Prevalence of wasting among under 6-month-old infants in developing countries and implications of new case definitions using WHO growth standards: a secondary data analysis

Affiliations
Free PMC article

Prevalence of wasting among under 6-month-old infants in developing countries and implications of new case definitions using WHO growth standards: a secondary data analysis

Marko Kerac et al. Arch Dis Child. 2011 Nov.
Free PMC article

Abstract

Objectives: To determine wasting prevalence among infants aged under 6 months and describe the effects of new case definitions based on WHO growth standards.

Design: Secondary data analysis of demographic and health survey datasets.

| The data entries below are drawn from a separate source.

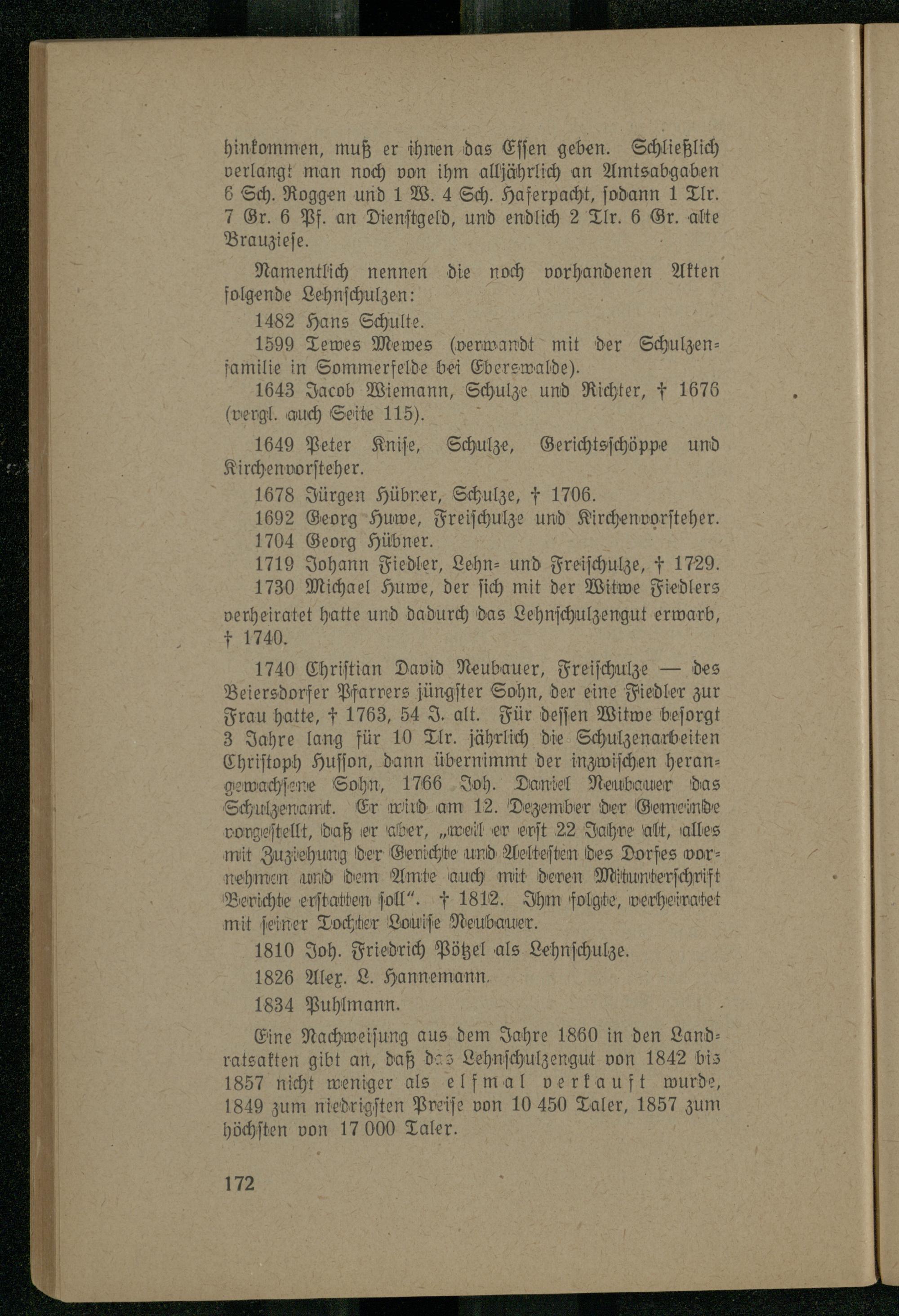 Eine Nachweiſung aus dem Jahre 1860 in den Landratsakten gibt an, daß das Lehnſchulzengut von 1842 bis 1857 nicht weniger als elfmal verkauft wurde, 1849 zum niedrigſten Preiſe von 10 450 Taler, 1857 zum höchſten von 17 000 Taler.
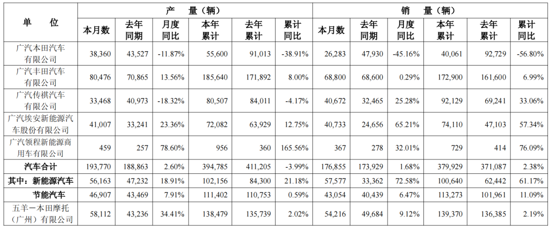 广汽集团3月汽车销售17.69万辆,同比增长1.68%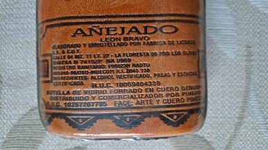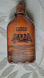 Fiaschetta in cuoio decorata nella parte anteriore con un Tumi peruviano e nella parte posteriore con la scritta Cusco immagini tipiche peruviane e informazioni sul produttore. Contiene 250 ml di pisco Confezione originale sigillata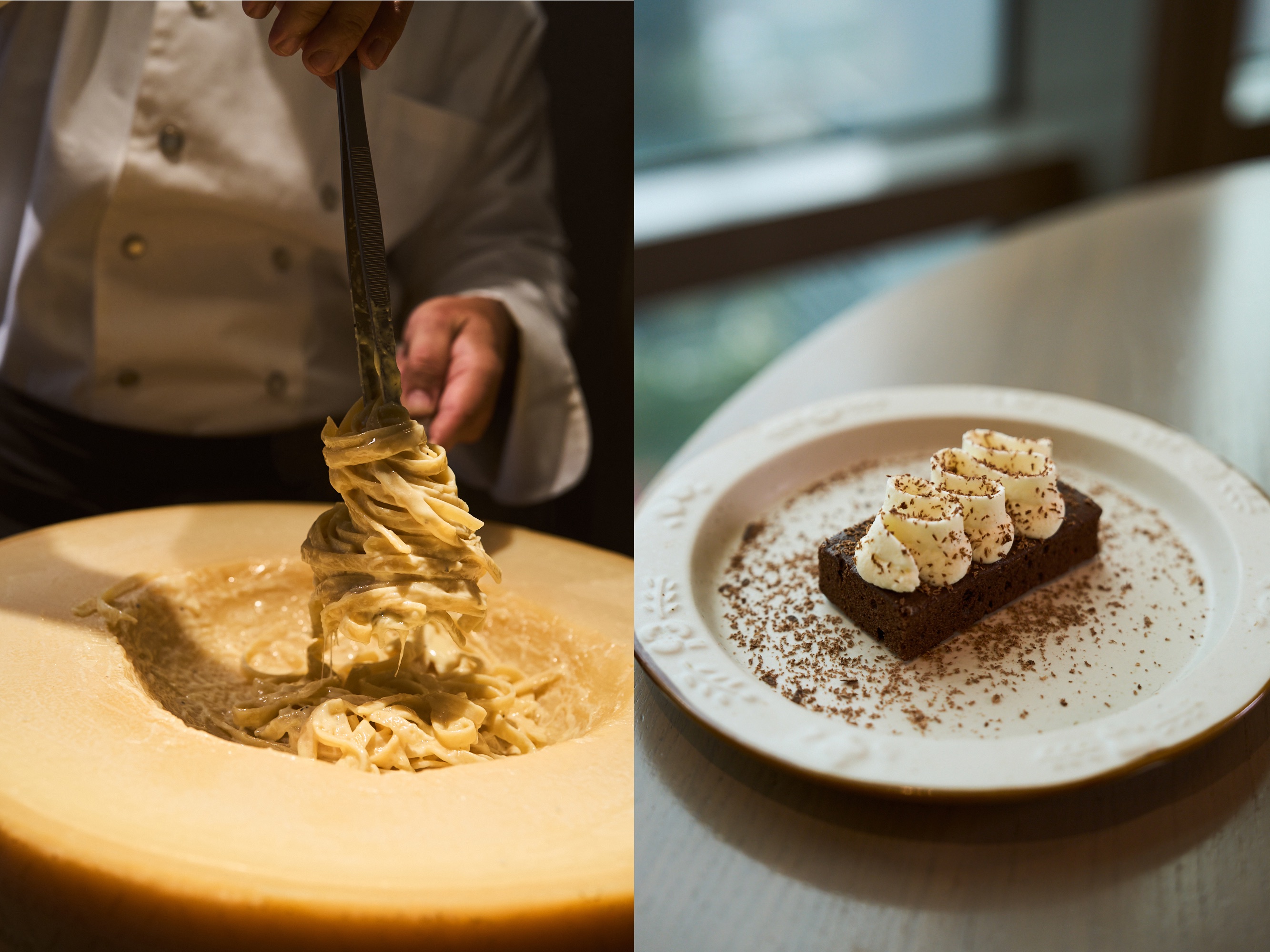 帕達諾起司義大利麵(左)將義大利麵放入熟成 18 個月的帕達諾乾酪中,讓濃郁起司在熱度中化作絲滑醬體,纏繞每一縷義大利麵。經典甜點提拉米蘇(右)在 Enrico 的詮釋下更加細膩。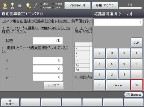 [経路点設定]ボタンを押すと、経路番号を設定する数値入力画面が表示されますので、経路点を登録したい経路番号を指定して[OK]を押します。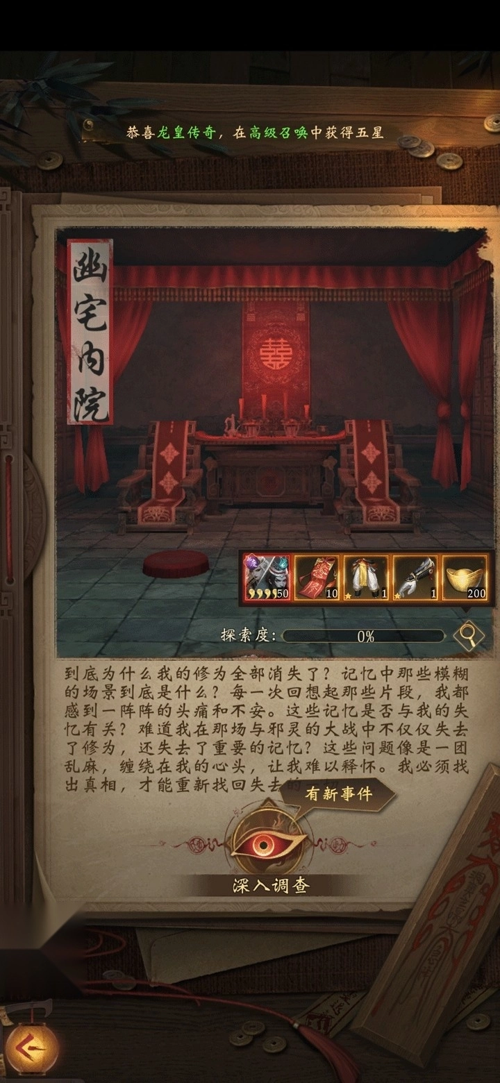 这是一个很有意思的玩法,喜欢鬼神题材的朋友可千万别错过:它有着丰富的剧情和庞大的场景,你可以和NPC互动,一起解密一段段精彩的故事。这个我就先不剧透了,大家自己去体验吧!建议体验的时候戴上耳机,效果会更好哦!对了,探索的过程中是可以控制人物自由走动的,如果碰到引导无法完成的情况,可以尝试移动人物走一段距离后,再点击引导进行自动跑图。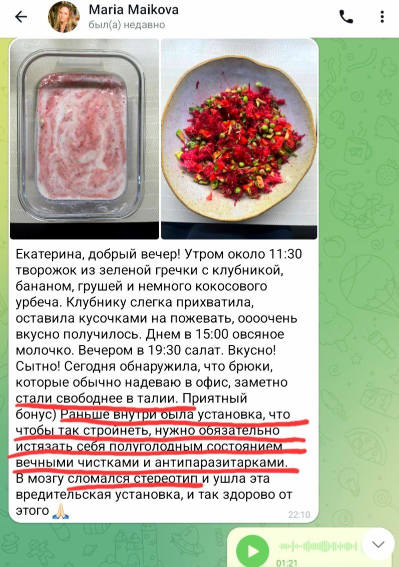 Друзья, прямо сейчас работаем с Марией по настройке ее рациона. Пока провели только 3 занятия, но результаты уже очень радуют!
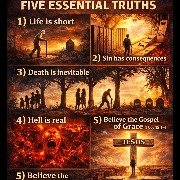 FIVE ESSENTIAL TRUTHS THAT DEMAND A GOSPEL RESPONSE INTRODUCTION (WHY THIS MESSAGE MATTERS) The image before us presents eternal realities, not emotional opinions. These truths cut across every generation and every dispensation, yet must be understood rightly divided (2 Timothy 2:15).In the Dispensation of Grace, God is not calling sinners to works, rituals, or religious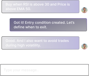 From entry and exit to risk filters, just describe it, the AI handles the syntax.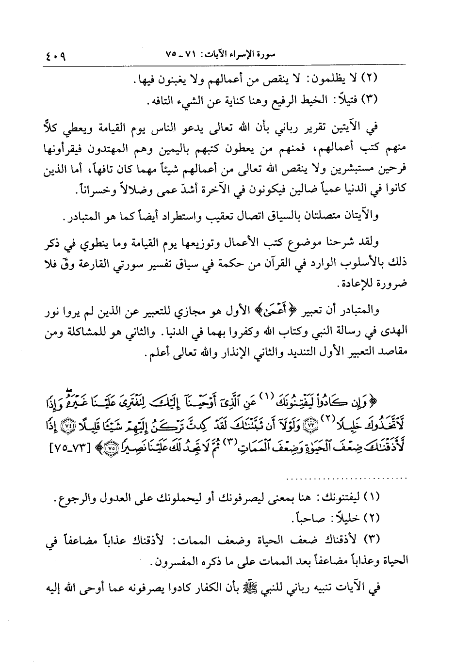 وَإِنْ كادُوا لَيَفْتِنُونَكَ عَنِ الَّذِي أَوْحَيْنا إِلَيْكَ لِتَفْتَرِيَ عَلَيْنا غَيْرَهُ وَإِذاً لاتَّخَذُوكَ خَلِيلاً (73) وَلَوْلا أَنْ ثَبَّتْناكَ لَقَدْ كِدْتَ تَرْكَنُ إِلَيْهِمْ شَيْئاً قَلِيلاً (74) إِذاً لَأَذَقْناكَ ضِعْفَ الْحَياةِ وَضِعْفَ الْمَماتِ ثُمَّ لا تَجِدُ لَكَ عَلَيْنا نَصِيراً (75)

Setting: 21 developing countries.

Population: 15 534 infants under 6 months and 147 694 children aged 6 to under 60 months (median 5072 individuals/country, range 1710-45 398). Wasting was defined as weight-for-height z-score <-2, moderate wasting as -3 to <-2 z-scores, severe wasting as z-score <-3.

Results: Using National Center for Health Statistics (NCHS) growth references, the nationwide prevalence of wasting in infant under-6-month ranges from 1.1% to 15% (median 3.7%, IQR 1.8-6.5%; ∼3 million wasted infants <6 months worldwide). Prevalence is more than doubled using WHO standards: 2.0-34% (median 15%, IQR 6.2-17%; ∼8.5 million wasted infants <6 months worldwide). Prevalence differences using WHO standards are more marked for infants under 6 months than children, with the greatest increase being for severe wasting (indicated by a regression line slope of 3.5 for infants <6 months vs 1.7 for children). Moderate infant-6-month wasting is also greater using WHO, whereas moderate child wasting is 0.9 times the NCHS prevalence.

Conclusions: Whether defined by NCHS references or WHO standards, wasting among infants under 6 months is prevalent in many of the developing countries examined in this study. Use of WHO standards to define wasting results in a greater disease burden, particularly for severe wasting. Policy makers, programme managers and clinicians in child health and nutrition programmes should consider resource and risk/benefit implications of changing case definitions.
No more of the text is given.